We have an estimated 150 cubic yards of building rubble and soils
containerized in preparation for disposal. The building rubble and
soils came from the renovation of portions of building 23 at the WR
Grace Site. The building debris and soils will be repackaged for safe
and efficient transportation. Enclosure A provides background
information regarding the WR Grace Site history, license
considerations, material characterization, and data sheets.
The building debris and soils contain trace quantities of byproduct
material. The Nuclear Regulatory Commission (NRC) has issued a
directors decision under 10 CFR 2.206 (Enclosure B), which states the
NRC has no regulatory jurisdiction over byproduct material, as defined
in 11(e)(2) of the Atomic Energy Act of 1954 as amended (AEA), which
was generated prior to 1978. The Texas Administrative Code defines
materials not regulated under the AEA, whose radionuclide
concentrations have been increased by or as a result of human practices
as naturally occurring radioactive material (NORM). The building debris
and soils are also exempt from NORM licensing pursuant to 25 Texas
Administrative Code Sec. 289.259(d). Furthermore, the material does not
required manifesting pursuant to 10 CFR Sec. 20.2006.
Therefore, unless your Bureau has any objections, we intend to ship
the building debris and soils to the WCS facility, which is permitted
to accept trace quantities of NORM, as soon as possible.
We look forward to your concurrence with our proposed approach.
Please advise us in writing if this approach is acceptable.

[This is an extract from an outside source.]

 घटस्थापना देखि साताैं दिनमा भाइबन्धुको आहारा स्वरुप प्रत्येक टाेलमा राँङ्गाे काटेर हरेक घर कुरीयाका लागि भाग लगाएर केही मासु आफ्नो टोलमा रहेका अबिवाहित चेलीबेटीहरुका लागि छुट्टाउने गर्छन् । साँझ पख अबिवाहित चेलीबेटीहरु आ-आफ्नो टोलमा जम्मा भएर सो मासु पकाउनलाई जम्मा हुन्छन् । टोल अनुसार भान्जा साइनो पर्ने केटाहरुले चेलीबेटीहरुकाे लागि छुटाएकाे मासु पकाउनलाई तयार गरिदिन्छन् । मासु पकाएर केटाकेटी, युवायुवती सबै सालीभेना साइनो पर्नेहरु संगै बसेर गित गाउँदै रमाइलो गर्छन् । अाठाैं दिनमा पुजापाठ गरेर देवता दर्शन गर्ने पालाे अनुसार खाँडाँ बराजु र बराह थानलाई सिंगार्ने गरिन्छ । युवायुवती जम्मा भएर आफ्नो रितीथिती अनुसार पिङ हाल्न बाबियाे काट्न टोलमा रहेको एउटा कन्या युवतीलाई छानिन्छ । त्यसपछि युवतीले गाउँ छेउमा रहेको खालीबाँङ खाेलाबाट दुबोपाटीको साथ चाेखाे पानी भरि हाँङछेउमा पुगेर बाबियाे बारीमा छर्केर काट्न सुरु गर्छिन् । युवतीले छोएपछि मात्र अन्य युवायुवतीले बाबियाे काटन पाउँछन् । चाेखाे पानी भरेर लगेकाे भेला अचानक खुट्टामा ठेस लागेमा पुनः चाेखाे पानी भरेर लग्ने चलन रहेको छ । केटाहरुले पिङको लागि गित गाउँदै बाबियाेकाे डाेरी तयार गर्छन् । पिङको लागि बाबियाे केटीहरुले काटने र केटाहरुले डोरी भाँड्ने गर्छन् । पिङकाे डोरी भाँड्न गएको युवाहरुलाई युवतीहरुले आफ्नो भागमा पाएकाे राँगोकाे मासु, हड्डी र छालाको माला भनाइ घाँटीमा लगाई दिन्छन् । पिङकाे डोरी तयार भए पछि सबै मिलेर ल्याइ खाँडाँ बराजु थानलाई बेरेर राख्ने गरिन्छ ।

If you have
any questions, please call me at 410-672-2207 or our technical point of
contact, Mr. Hans Honerlah, at 410-962-9184. Thank you for your
consideration in this matter.
Sincerely,
Gregory E. Johnson, PE, Chief,
Hazardous, Toxic and Radiological Waste Branch,
USACE, Baltimore District.
__________
RESPONSES BY RICHARD MESERVE TO QUESTIONS FROM SENATOR BENNETT
Question 1. Would you agree that the Commission should rethink its
reluctance to regulate pre-1978 material?
Response. In addition to your letter, the Commission has received a
number of other inquiries relating to its position on the pre-1978
material. In light of the concerns expressed by the various
stakeholders, the Commission is well aware of the differing views on
this important issue. A legislative solution would be the most direct
approach to clarifying the NRC's responsibilities under UMTRCA.

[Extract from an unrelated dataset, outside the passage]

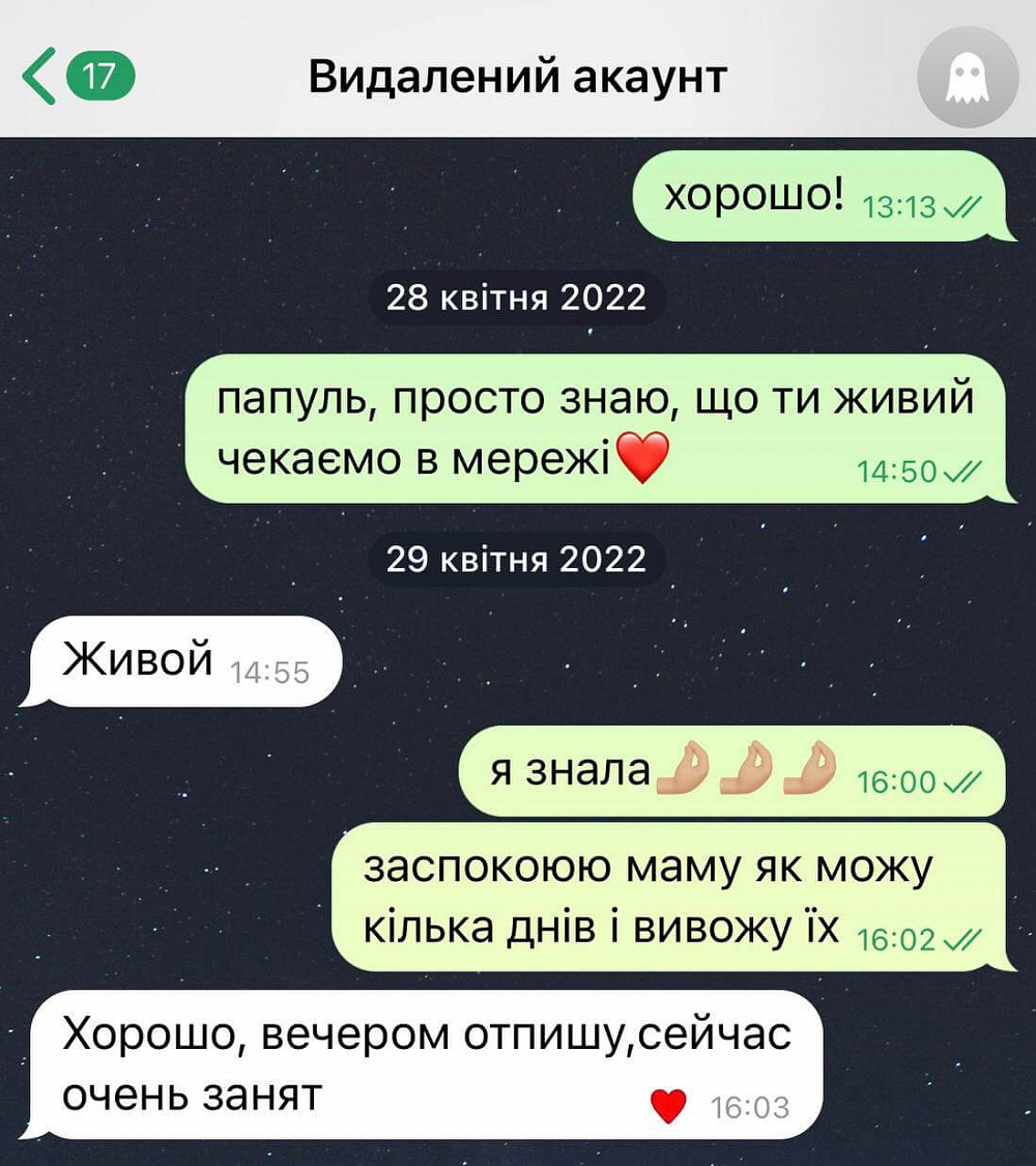 Тато писав мені раз у два-три дні. З мамою вони частіше спілкувалися, звичайно, не 24 на 7, але раз на день він міг виходити на зв’язок.

Question 2. Would you agree that NRC licensing requirements for
this material are more protective of public health and the environment
than RCRA requirements?
Response. Both RCRA landfills and NRC-licensed disposal facilities
are protective. In general, I believe that NRC-regulated and licensed
disposal facilities, because they are subject to requirements that
focus on protection of public health, safety, and the environment from
radiological hazards, may afford more protection against radiological
hazards.
Question 3. Would you agree that the decision in Kerr-McGee v. NRC
(903 F.2d 1, D.C. Cir. 1990) supports NRC regulating all FUSRAP waste?
Response. Yes. I believe the decision in Kerr-McGee v. NRC does
tend to support the NRC regulation of pre-1978 FUSRAP waste. However,
this specific issue was not addressed by the court. Consequently, there
is ambiguity as to the extent of the NRC's authority in this area.

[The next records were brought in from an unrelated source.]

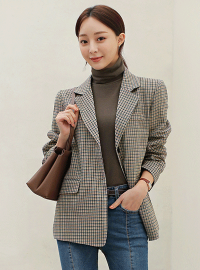 マルチ プラッド チェック シングル ルーズフィット ジャケット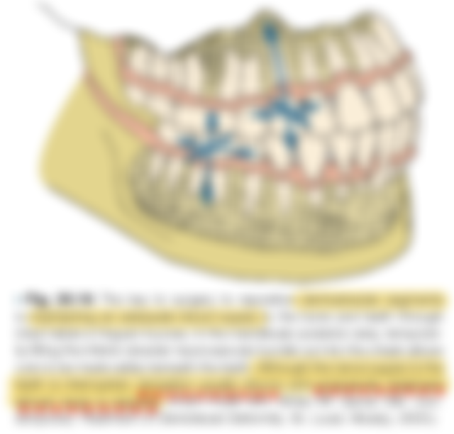 An osteotomy below the root apices cuts the nerves to the pulp of the teeth in that segment, and of course there is no collateral innervation.根尖下截骨術會切斷這區域連接至牙髓的神經,C正確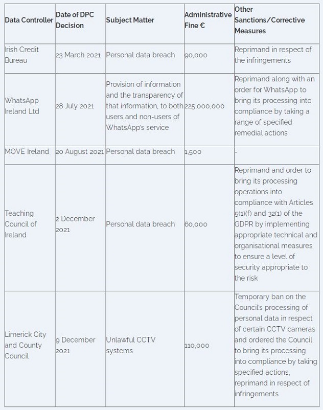 In 2021, the DPC imposed the below sanctions of fines and corrective measures.

Thus, a legislative solution is the most direct approach to clarifying
the NRC's responsibilities under UMTRCA.
Question 4. Would I, as NRC Chairman, support legislation that
would absolutely make clear that pre-1978 FUSRAP waste should be
regulated and disposed in licensed sites?
Response. If Congress believes that the NRC should regulate such
waste, I stand ready to assist the Congress in amending UMTRCA. The NRC
would need additional resources to regulate pre-1978 material.